Camminare in autostrada
Era capitato per caso, una stupidaggine. In autostrada sul furgone, diretti in Emilia, ancora prima di arrivare ad Asti avevamo finito la benzina. Fermi. Sotto il sole, carichi di strumenti e con tutto il viaggio da fare. Io e Pietro abbiamo scavalcato una rete sul ciglio della Torino-Piacenza e ci siamo incamminati attraverso i campi, verso l’abitato in cerca di carburante lasciando gli altri in attesa a discutere di chi fosse la colpa di tale idiozia. Dopo aver trovato un distributore, in un piccolo paese sonnolento disteso tra l’autostrada e una statale, con la benzina in una sacca di plastica abbiamo tagliato nuovamente per i campi dirigendoci verso l’autostrada, dove il furgone fermo nella corsia d’emergenza ci aspettava un paio di chilometri più indietro.

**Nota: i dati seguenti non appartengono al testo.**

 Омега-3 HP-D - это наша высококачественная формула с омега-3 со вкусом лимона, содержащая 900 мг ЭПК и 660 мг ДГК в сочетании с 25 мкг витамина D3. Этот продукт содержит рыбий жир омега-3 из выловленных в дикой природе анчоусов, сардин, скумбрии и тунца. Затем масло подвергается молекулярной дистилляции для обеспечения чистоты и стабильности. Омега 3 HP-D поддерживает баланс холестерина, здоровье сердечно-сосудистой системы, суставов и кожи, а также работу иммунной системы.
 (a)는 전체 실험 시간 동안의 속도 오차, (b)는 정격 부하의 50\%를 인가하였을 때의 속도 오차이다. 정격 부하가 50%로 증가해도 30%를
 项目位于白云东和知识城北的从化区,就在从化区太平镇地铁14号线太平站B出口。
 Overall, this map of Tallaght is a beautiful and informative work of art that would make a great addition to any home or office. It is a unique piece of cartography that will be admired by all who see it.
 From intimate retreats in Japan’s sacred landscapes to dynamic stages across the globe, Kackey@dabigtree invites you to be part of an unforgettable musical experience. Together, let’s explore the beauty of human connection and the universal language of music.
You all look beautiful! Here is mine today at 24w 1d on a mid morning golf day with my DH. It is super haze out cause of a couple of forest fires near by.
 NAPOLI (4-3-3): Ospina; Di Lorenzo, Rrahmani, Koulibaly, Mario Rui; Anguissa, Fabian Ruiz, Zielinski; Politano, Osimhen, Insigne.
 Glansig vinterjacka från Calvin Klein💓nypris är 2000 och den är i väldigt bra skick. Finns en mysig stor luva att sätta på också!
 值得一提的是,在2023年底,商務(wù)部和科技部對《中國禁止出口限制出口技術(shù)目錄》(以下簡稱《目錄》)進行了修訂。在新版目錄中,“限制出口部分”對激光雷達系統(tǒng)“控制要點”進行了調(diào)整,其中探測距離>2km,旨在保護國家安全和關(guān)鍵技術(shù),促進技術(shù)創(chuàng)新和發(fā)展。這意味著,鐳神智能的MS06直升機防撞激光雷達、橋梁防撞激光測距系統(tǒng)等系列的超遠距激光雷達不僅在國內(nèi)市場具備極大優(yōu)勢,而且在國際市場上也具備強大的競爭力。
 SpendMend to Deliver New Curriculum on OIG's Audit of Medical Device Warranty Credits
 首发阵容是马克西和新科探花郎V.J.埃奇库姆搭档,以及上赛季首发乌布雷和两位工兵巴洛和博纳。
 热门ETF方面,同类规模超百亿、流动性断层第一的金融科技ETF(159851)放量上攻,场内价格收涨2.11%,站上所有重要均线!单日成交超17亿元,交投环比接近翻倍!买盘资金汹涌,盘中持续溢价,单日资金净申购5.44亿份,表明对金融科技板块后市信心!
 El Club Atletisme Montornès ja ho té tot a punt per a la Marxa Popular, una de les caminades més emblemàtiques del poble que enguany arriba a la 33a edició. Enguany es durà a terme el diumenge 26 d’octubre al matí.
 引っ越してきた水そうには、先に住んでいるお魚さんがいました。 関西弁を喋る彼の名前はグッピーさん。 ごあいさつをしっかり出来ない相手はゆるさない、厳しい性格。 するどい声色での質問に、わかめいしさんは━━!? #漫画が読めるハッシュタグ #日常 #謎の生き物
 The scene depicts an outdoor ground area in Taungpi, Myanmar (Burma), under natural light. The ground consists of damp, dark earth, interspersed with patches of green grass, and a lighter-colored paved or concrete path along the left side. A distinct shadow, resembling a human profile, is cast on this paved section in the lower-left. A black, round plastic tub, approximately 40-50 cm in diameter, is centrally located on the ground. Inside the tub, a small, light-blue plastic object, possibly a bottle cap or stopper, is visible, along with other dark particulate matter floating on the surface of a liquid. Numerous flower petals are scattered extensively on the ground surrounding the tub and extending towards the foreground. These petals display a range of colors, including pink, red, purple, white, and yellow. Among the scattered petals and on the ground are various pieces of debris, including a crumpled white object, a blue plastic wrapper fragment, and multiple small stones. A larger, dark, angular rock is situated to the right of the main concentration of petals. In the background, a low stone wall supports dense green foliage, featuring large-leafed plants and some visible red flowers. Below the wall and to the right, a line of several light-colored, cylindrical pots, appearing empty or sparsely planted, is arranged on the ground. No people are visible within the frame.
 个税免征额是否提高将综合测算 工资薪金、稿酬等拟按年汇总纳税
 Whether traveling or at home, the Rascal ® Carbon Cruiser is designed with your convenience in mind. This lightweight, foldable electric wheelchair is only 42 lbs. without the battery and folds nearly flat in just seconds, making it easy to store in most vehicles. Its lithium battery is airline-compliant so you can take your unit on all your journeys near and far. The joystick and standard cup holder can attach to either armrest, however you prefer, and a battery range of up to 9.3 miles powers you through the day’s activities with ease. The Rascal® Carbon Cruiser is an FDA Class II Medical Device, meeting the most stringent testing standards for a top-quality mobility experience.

Abbiamo cominciato a camminare al bordo della Torino-Piacenza, un posto dove le distanze mostrano tutta le relatività del mezzo che le compie. Il tragitto, molto breve in auto, sembrava lunghissimo. Non passavano macchine, la strada era vuota. Il sole di fine luglio arroventava l’asfalto, l’aria tremolava all’orizzonte. Non mi sarebbe mai più capitata un’occasione del genere. Ho cominciato a camminare in mezzo all’autostrada. In centro alla corsia, aprendo le braccia, accennando alcuni passi di una danza e alternandola con salti e qualche segno tracciato nell’aria.
Quasi non sentivo la voce di Pietro, «Cosa fai? Sei impazzito? Torna qui». Pensavo a quel luogo non calpestato, un posto dove pezzi di metallo e gomma passano a 130 chilometri all’ora. Mi sembrava di essere il visitatore di un mondo parallelo che prova dimensioni inedite. Lì a rivendicare il diritto della specie a riconsegnare un suolo non pensato per velocità umane alla portata di gambe e piedi. Quasi come se con quel camminare, incerto, lento e solenne, potessi cancellare le tonnellate di asfalto e i centinaia di migliaia di chilometri che ricoprono la Terra, prima di perdersi nel mare, e rendere quel posto abitato e reale.
In quella manciata di minuti di camminata nel nulla, non saprei quanto e per quale distanza, sono stato semplicemente i miei passi sulla strada; il battito del mio cuore era lo stesso pulsare del sole e il mio sguardo era quello degli uccelli in volo. Senza sopra e sotto prima e dopo, soggetto e cosa, qualcosa in me ha ricordato distese di boschi popolati di animali mai visti, montagne percorse da ruscelli che si gettavano nel mare senza fine, cieli lividi su cui danzano bagliori gialli e rossastri come di stelle esplose e poi ricomposte in altra forma.
Poi il rumore di un’ondata di veicoli in arrivo mi ha riportato indietro, nei giorni che si rincorrono e nell’ora in cui l’io si può dire tale. Ho atteso di vedere avvicinarsi il bagliore feroce delle lamiere delle auto, fino al limite del ragionevole, poi mi sono spostato di nuovo sul ciglio della strada, ancora ridendo. Dopo poco raggiungemmo il furgone.